WHAT IS BEING ASKED
Output the line containing "СпецГеоПроект по адресу" and each line after it through the end of the data, exactly as written, with pictures left out.
Start of EXERCISE DATA
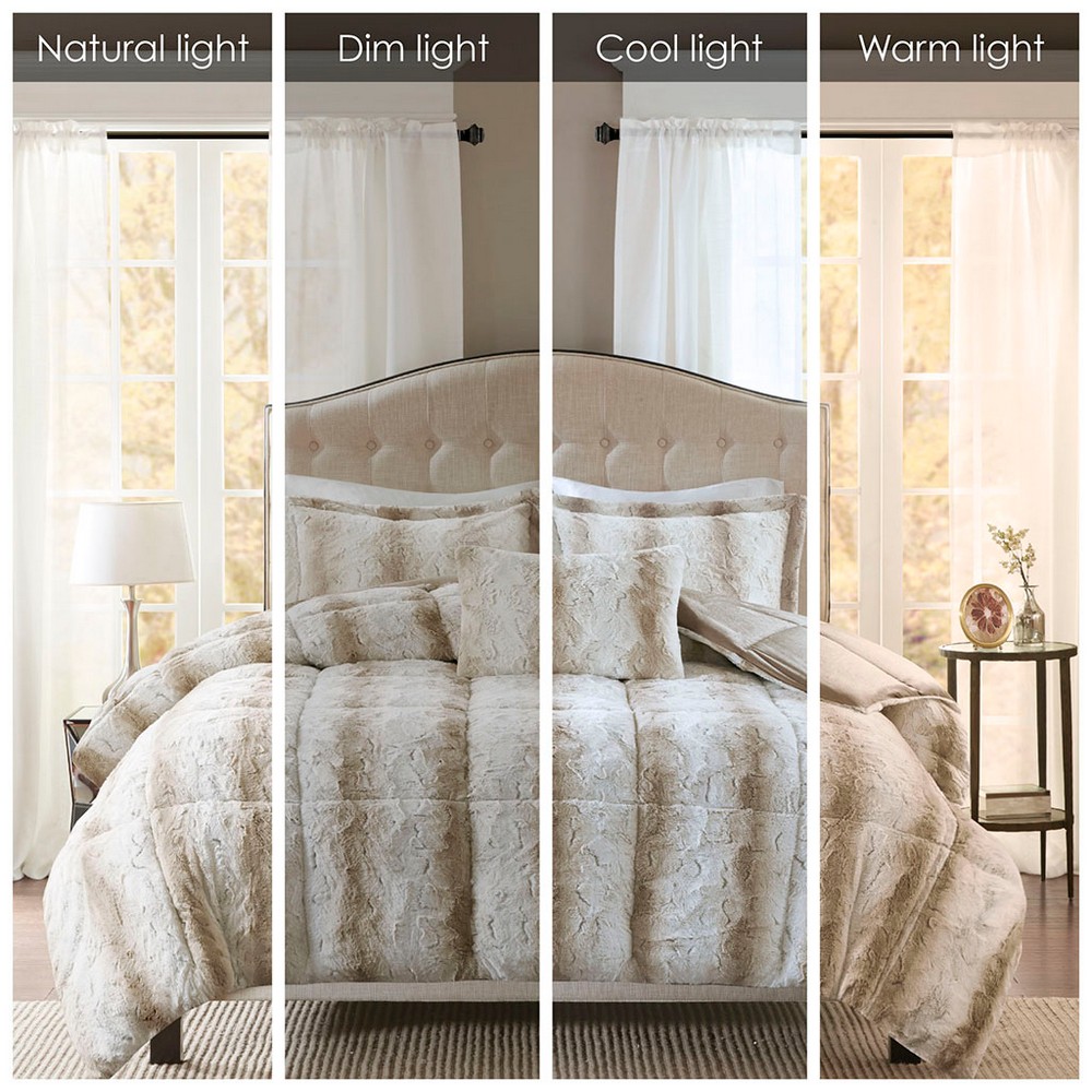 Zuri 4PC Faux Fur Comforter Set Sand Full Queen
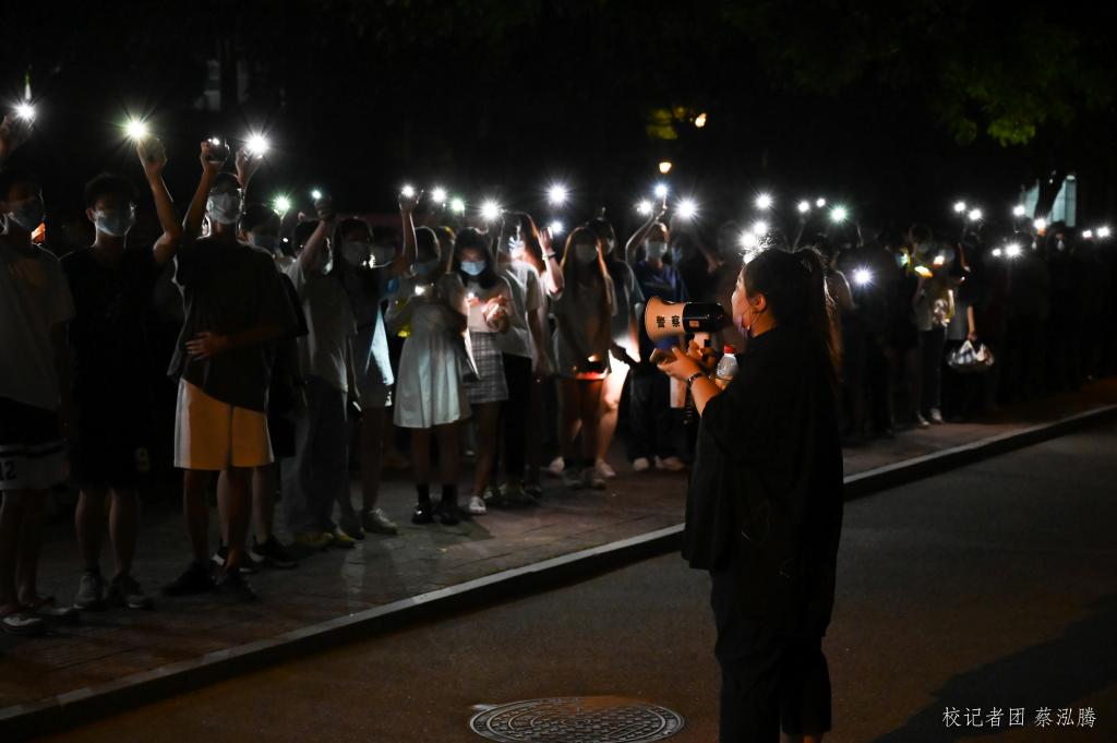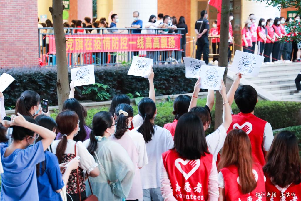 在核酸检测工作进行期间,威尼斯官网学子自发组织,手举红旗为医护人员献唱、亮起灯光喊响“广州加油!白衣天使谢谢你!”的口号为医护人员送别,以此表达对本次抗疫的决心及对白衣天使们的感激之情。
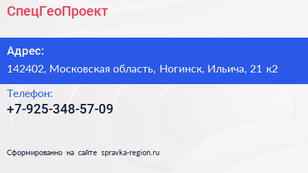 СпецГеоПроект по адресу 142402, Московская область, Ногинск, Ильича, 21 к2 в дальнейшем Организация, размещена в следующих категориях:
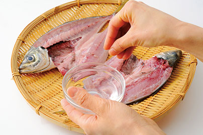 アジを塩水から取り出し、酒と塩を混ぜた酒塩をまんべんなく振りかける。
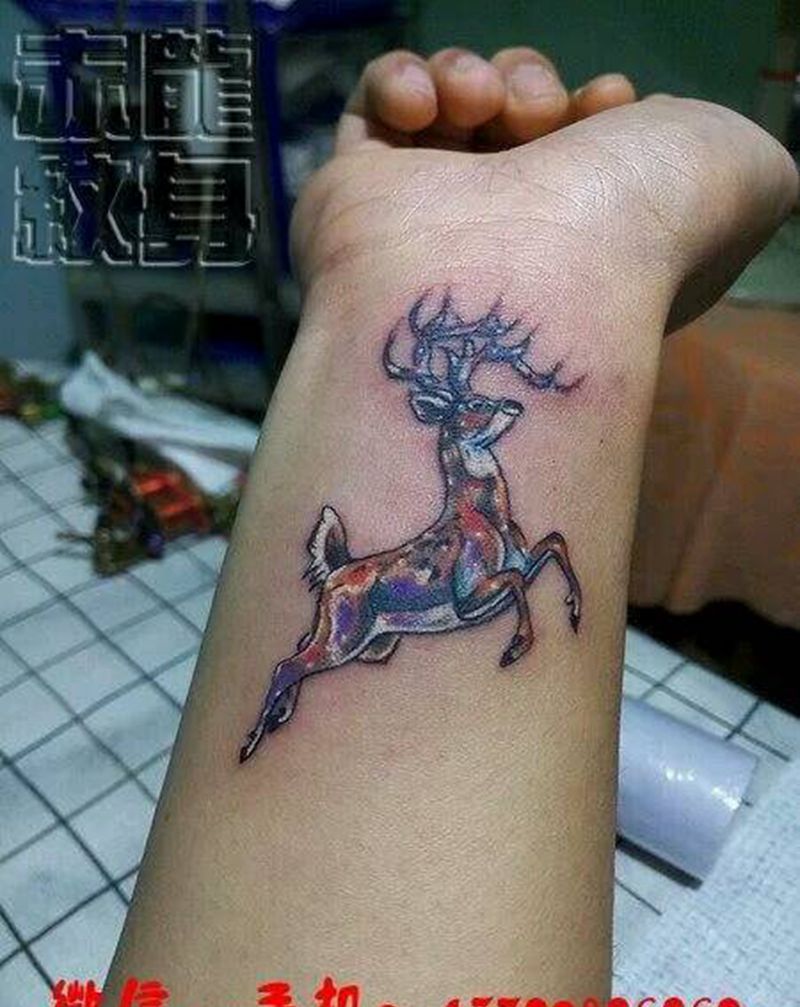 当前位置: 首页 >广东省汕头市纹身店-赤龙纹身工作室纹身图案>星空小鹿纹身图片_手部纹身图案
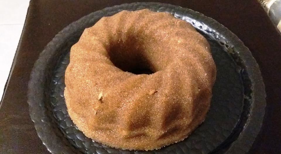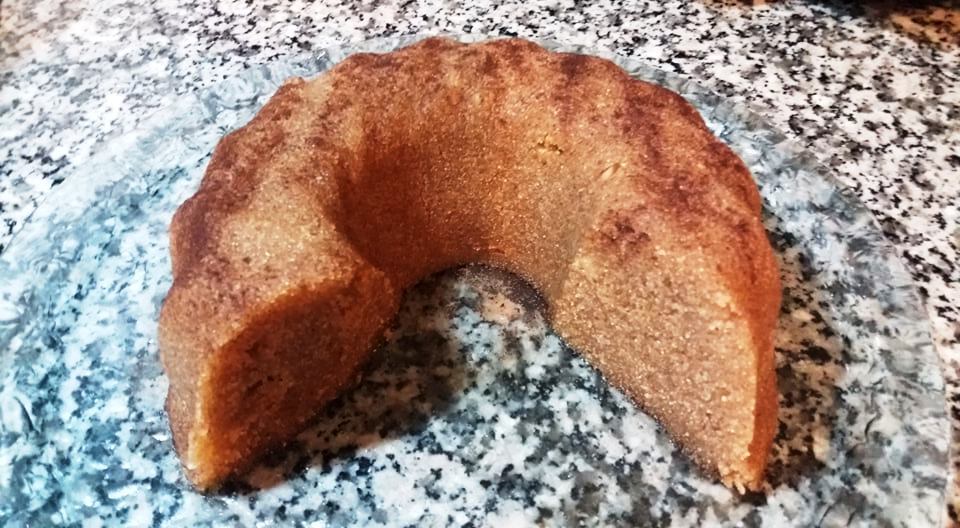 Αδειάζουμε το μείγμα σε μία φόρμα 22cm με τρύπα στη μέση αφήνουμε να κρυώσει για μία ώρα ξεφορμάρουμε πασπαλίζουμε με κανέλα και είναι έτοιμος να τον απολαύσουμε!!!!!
End of EXERCISE DATA
RESPONSE TO THIS EXERCISE
 СпецГеоПроект по адресу 142402, Московская область, Ногинск, Ильича, 21 к2 в дальнейшем Организация, размещена в следующих категориях:
 アジを塩水から取り出し、酒と塩を混ぜた酒塩をまんべんなく振りかける。
 当前位置: 首页 >广东省汕头市纹身店-赤龙纹身工作室纹身图案>星空小鹿纹身图片_手部纹身图案
 Αδειάζουμε το μείγμα σε μία φόρμα 22cm με τρύπα στη μέση αφήνουμε να κρυώσει για μία ώρα ξεφορμάρουμε πασπαλίζουμε με κανέλα και είναι έτοιμος να τον απολαύσουμε!!!!!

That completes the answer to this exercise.